#### [Exercise objective]
Would you reproduce, word for word, only the lines running from the top of the data through the line containing "Cabas spacieux pour", and none of the pictures?

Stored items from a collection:
※

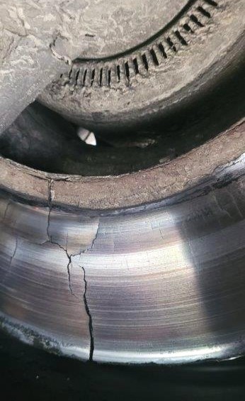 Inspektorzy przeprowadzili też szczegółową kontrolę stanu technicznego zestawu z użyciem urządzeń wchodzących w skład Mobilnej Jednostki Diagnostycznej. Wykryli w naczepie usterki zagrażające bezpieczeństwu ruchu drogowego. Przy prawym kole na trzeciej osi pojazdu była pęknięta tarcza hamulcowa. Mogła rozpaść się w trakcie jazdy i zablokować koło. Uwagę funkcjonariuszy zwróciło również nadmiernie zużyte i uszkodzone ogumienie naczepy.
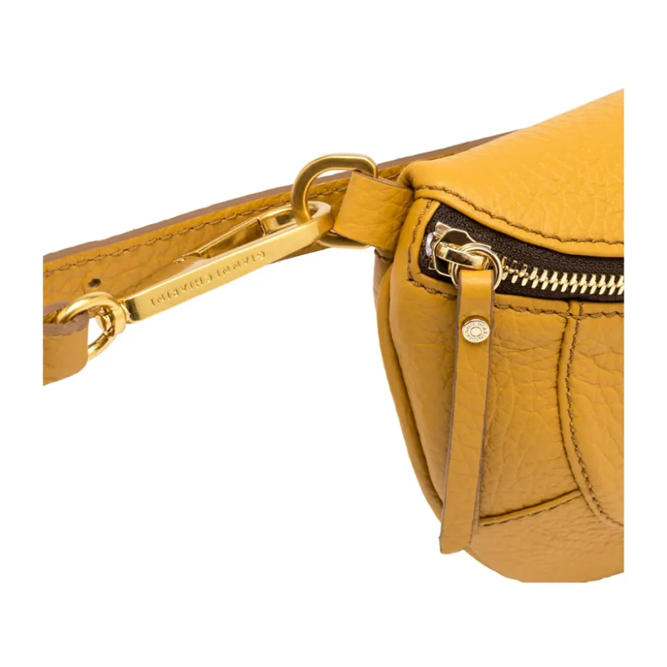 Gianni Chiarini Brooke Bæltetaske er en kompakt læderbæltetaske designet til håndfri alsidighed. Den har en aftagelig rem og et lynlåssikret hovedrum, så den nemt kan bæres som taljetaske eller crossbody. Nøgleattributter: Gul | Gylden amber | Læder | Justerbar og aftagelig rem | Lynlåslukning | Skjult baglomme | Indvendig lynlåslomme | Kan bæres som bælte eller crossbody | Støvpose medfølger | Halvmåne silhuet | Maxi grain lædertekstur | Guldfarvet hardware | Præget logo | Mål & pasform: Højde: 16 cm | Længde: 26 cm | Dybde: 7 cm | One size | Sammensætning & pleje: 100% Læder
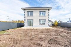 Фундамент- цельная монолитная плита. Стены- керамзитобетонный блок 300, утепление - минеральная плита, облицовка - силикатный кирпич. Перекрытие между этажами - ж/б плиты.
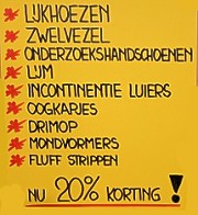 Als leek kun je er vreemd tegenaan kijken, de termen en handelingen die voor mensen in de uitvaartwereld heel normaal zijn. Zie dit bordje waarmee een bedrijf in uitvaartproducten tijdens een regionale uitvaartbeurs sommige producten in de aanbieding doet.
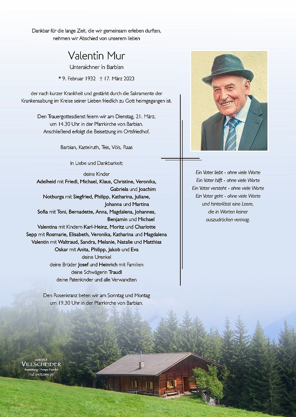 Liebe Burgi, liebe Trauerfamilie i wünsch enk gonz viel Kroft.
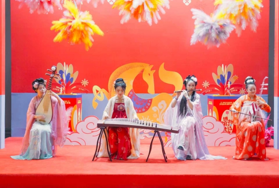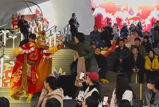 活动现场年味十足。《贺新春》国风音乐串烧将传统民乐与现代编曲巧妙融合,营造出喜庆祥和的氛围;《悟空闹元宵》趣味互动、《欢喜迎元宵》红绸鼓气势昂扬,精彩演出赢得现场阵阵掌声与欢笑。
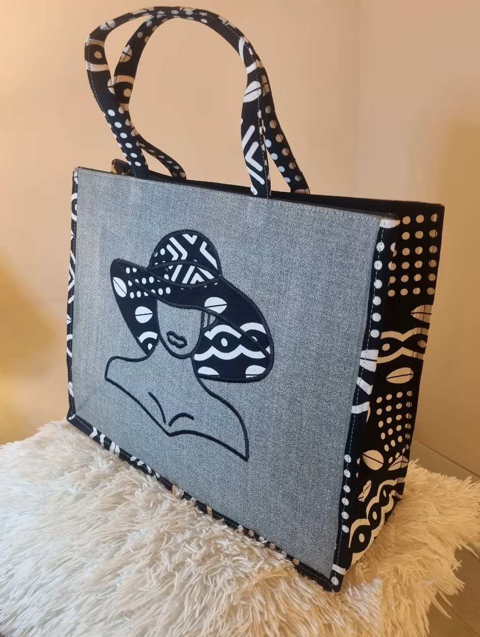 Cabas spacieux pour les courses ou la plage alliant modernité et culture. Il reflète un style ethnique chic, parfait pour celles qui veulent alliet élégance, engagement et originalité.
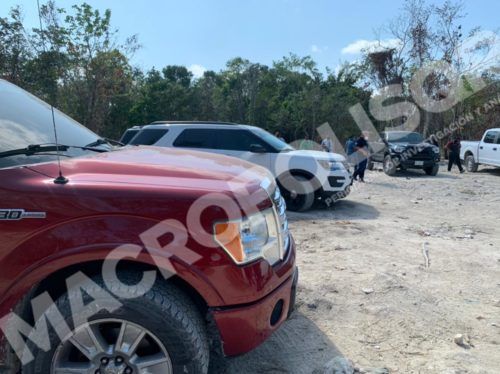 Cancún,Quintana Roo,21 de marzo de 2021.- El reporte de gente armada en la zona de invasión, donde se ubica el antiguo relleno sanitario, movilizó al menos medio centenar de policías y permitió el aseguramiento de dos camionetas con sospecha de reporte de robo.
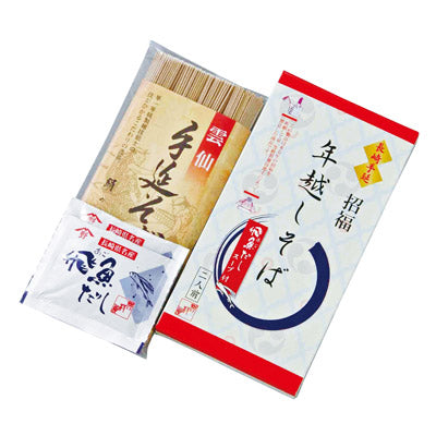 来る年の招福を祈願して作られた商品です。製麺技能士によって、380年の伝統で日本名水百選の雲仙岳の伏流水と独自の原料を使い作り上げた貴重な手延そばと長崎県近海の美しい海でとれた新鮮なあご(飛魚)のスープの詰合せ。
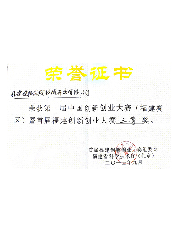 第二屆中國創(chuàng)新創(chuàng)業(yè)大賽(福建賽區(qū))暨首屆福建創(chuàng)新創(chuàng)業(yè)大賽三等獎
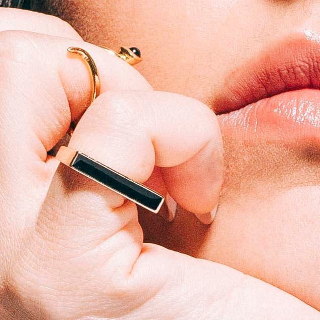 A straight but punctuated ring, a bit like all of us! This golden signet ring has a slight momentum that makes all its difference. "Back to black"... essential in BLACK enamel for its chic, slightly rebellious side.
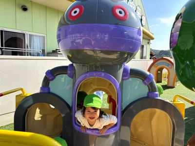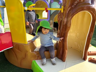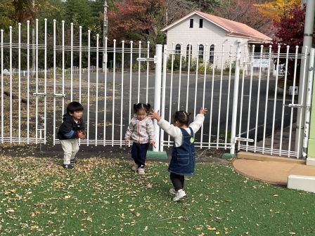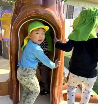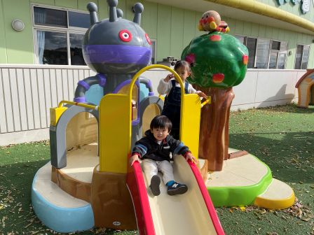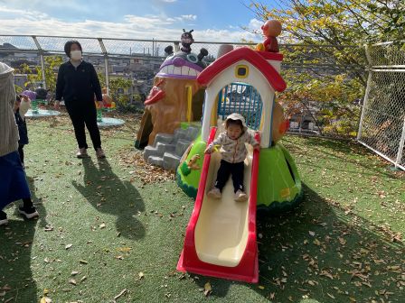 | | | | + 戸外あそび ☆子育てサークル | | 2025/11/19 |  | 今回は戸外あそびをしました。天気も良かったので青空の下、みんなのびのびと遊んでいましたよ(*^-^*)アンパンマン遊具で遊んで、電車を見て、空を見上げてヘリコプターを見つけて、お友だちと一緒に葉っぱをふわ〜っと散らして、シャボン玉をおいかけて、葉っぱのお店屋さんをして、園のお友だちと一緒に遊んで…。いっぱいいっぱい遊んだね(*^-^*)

※

#### [Answer space]
 Inspektorzy przeprowadzili też szczegółową kontrolę stanu technicznego zestawu z użyciem urządzeń wchodzących w skład Mobilnej Jednostki Diagnostycznej. Wykryli w naczepie usterki zagrażające bezpieczeństwu ruchu drogowego. Przy prawym kole na trzeciej osi pojazdu była pęknięta tarcza hamulcowa. Mogła rozpaść się w trakcie jazdy i zablokować koło. Uwagę funkcjonariuszy zwróciło również nadmiernie zużyte i uszkodzone ogumienie naczepy.
 Gianni Chiarini Brooke Bæltetaske er en kompakt læderbæltetaske designet til håndfri alsidighed. Den har en aftagelig rem og et lynlåssikret hovedrum, så den nemt kan bæres som taljetaske eller crossbody. Nøgleattributter: Gul | Gylden amber | Læder | Justerbar og aftagelig rem | Lynlåslukning | Skjult baglomme | Indvendig lynlåslomme | Kan bæres som bælte eller crossbody | Støvpose medfølger | Halvmåne silhuet | Maxi grain lædertekstur | Guldfarvet hardware | Præget logo | Mål & pasform: Højde: 16 cm | Længde: 26 cm | Dybde: 7 cm | One size | Sammensætning & pleje: 100% Læder
 Фундамент- цельная монолитная плита. Стены- керамзитобетонный блок 300, утепление - минеральная плита, облицовка - силикатный кирпич. Перекрытие между этажами - ж/б плиты.
 Als leek kun je er vreemd tegenaan kijken, de termen en handelingen die voor mensen in de uitvaartwereld heel normaal zijn. Zie dit bordje waarmee een bedrijf in uitvaartproducten tijdens een regionale uitvaartbeurs sommige producten in de aanbieding doet.
 Liebe Burgi, liebe Trauerfamilie i wünsch enk gonz viel Kroft.
 活动现场年味十足。《贺新春》国风音乐串烧将传统民乐与现代编曲巧妙融合,营造出喜庆祥和的氛围;《悟空闹元宵》趣味互动、《欢喜迎元宵》红绸鼓气势昂扬,精彩演出赢得现场阵阵掌声与欢笑。
 Cabas spacieux pour les courses ou la plage alliant modernité et culture. Il reflète un style ethnique chic, parfait pour celles qui veulent alliet élégance, engagement et originalité.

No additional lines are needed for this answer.